Roscrea Castle is a 13th-century motte-and-bailey castle in the town of Roscrea, Ireland. The castle consists of a walled courtyard, gate block, and angled towers. Along with 18th century Damer House and gardens, the castle forms part of Roscrea Heritage Centre.

==History==
The south-eastern tower is sometimes known as King John's Castle as its erection is attributed to John, King of England. While the current stone castle was built after his death, there is evidence that John ordered a "motam et bretagium" (motte and tower) to be built on the site in 1213. At the time of construction the land was owned by the Bishop of Killaloe. Construction was overseen by the Justiciar, Henry of London, and formed part of John's efforts to solidify his conquest of Ireland, particularly the midlands and southern counties.
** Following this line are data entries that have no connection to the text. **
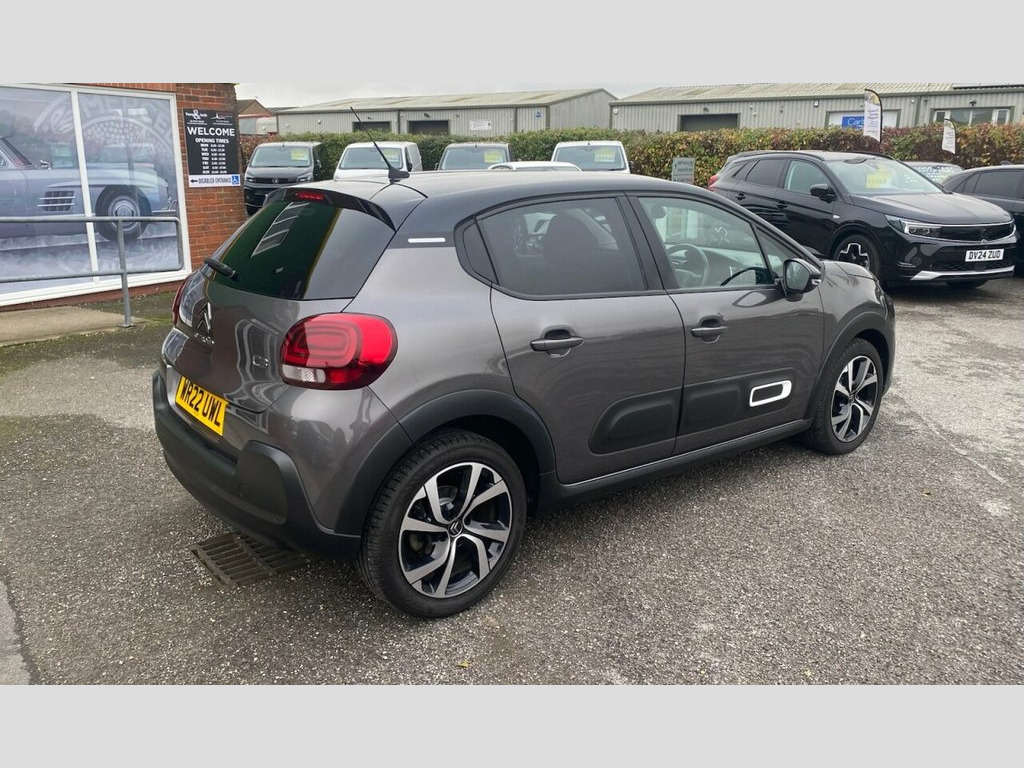 Citroen C3 1.5 BlueHDi Shine Plus Hatchback 5dr Diesel Manual Euro 6 (s/s) (100 ps) finished in grey metallic. This vehicle comes with Satellite navigation, apple car play/android support, rear sensors, reversing camera, 17" alloys, lane departure warning, heated electric mirrors, electric windows, automatic air conditioning, LED daytime running lights, LED headlights, cruise control/speed limiter, privacy glass, 6 months RAC warranty which can be extended. 1 USB Connection, 12V Socket, 17in Alloy Wheels - Vector - Diamond Cut, 2-3 - 1-3 Split Folding Rear Bench, 3D Rear Lights Signature, ABS - Anti-Lock Braking System, Airbags - Driver, Airbump on Side Door Panel, Anti-Theft Alarm, Armrest - Drivers Central, Auto-Dimming Electrochrome Rear View Mir, Automatic Activation of Hazard Warning L, Automatic Air Conditioning, Automatic Door and Boot Locking when in , Black Colour Pack, Body Colour Door Handles, Body Colour Front and Rear Bumpers, Boot Light, Central Locking with Locked Indicators a, Chrome Decoration on Front Face - Under , Citroen Connect Box with Emergency and A, Citroen Connect Nav, Citroen Illuminated Signature in LED Hea, Coffee
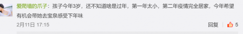 網(wǎng)友@愛爬墻的爪子:孩子今年3歲,還不知道啥是過年,第一年太小,第二年疫情完全居家,今年希望有機會帶她去寶泉感受下年味
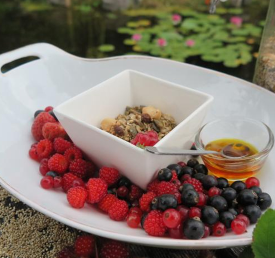 Zet in de tussentijd de oven aan op 140 graden. Laat eventueel de kokosolie smelten. Spreid alle ingrediënten (met uitzondering van de quinoa) uit over een bakplaat en meng ze goed. Meng het zout met de olie en verdeel dit over het mengsel. Zet circa een half uur in de oven op 130 graden. Om de 8-10 minuten alles even doorscheppen. De gepofte quinoa erdoor mengen en af laten koelen. Goed afgesloten bewaren in een dichte trommel/pot. Voeg met servering rood fruit toe. Smakelijk!

In 1315, the castle was granted to the Butlers of Ormond who held it until the 18th century. In 1646, the castle and town were stormed by Owen Roe O'Neill during the Cromwellian conquest of Ireland. The castle fell to Cromwell in 1650 and was used for a short period by Cromwell's son-in-law Henry Ireton. In 1703, the castle was sold to the Royal Hospital Kilmainham by the Duke of Ormonde. It was purchased by local merchant John Damer in 1722 and later passed down to the Earl of Portarlington. It was used as a barracks from 1798, housing 350 soldiers, and later served as a school, library, and tuberculosis sanatorium. The castle fell into disrepair in the 19th century, with a roof collapse which necessitated extensive repairs in the 1850s. It was named a national monument in 1892 and is registered as National Monument number 211.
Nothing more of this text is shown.